The UK jobs market showed signs of cooling in the first quarter as Britain prepares for an increasingly bitter referendum on its European Union membership.
The number of people in work rose by 44,000, less than a quarter of the gain seen at the end of 2015, the Office for National Statistics in London said yesterday. Unemployment fell 2,000, leaving the jobless rate at a decade-low 5.1%, as forecast by economists. The employment rate edged up to 74.2%.
There were also few signs of wage pressure. Annual pay growth excluding bonuses slowed to 2.1% from 2.2% in the three months through February. Total pay inflation edged up to 2% from 1.9%.
The report adds to signs that firms are putting hiring and investment on hold as polls suggest the June 23 Brexit vote could be close.
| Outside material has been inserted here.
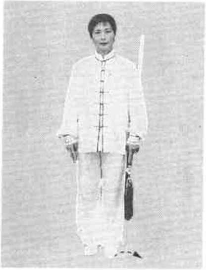 两脚并立,两腿自然伸直;两臂下垂,左手持剑,手心朝 后,食指贴住剑把,剑尖向上;右手下垂,食指、中指成剑 指,指尖轻贴于右腿外侧,其余三指卷屈,手心朝内;目平视 前方,面朝南(图1)。图【要点】(1) 顶劲上领,意念集中。(2) 全身放松,切莫耸肩。(3) 神态自然,不要怒目。

Job vacancies fell 18,000 to 745,000 in the three months through April, the first decline since the second quarter of last year. Economic growth slowed in the first quarter and recent surveys point to a further loss of momentum. ONS statistician Chris Freeman said there is evidence that the jobs market “could be cooling off.”
Even without the referendum, the labour market might have struggled to maintain the performance seen in the last three months of 2015, when employers added almost 200,000 people. Slowing global expansion took its toll on manufacturers in the first quarter. At the same time, labour shortages and a new higher minimum wage in April mean firms may now be looking to boost efficiency rather than staffing levels.
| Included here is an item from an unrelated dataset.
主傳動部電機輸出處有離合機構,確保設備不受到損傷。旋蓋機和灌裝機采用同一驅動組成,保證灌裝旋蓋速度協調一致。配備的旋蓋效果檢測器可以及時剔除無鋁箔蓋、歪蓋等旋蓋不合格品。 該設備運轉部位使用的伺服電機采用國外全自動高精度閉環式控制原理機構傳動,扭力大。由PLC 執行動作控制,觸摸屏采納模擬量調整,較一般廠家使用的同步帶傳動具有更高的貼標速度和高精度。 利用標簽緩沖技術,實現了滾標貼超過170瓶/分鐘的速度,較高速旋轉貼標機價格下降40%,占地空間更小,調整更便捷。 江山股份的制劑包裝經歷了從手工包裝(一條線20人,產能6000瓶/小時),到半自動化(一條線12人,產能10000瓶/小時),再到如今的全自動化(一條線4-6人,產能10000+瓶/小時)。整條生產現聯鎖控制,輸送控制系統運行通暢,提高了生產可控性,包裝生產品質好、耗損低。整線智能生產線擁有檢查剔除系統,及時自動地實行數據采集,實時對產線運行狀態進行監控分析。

The Bank of England said in a monthly report yesterday that there’s “some evidence of businesses delaying investment expenditure decisions” because of EU vote uncertainty.
“The momentum of job creation has eased in recent months and we still haven’t seen lift-off for wages,” said Ian Stewart, chief economist at Deloitte. “‘Real wage growth has slowed in the last year, a development that represents a real risk to the consumer-led recovery.” The increase in employment in the first quarter was just sufficient to absorb an extra 42,000 economically active people and the number of unemployed dipped as a result. Jobless benefits, a narrower measure of unemployment, fell 2,400 in April and the jobless-claims rate remained at 2.1%.
With inflation still far below the BOE’s 2% target, policy makers are expected to keep the key rate at 0.5% until early 2017, the median forecast in a Bloomberg survey shows.
Much will depend on the outcome of the referendum and on whether an anticipated pickup in wages is matched by productivity growth, which has been puzzlingly weak since the financial crisis.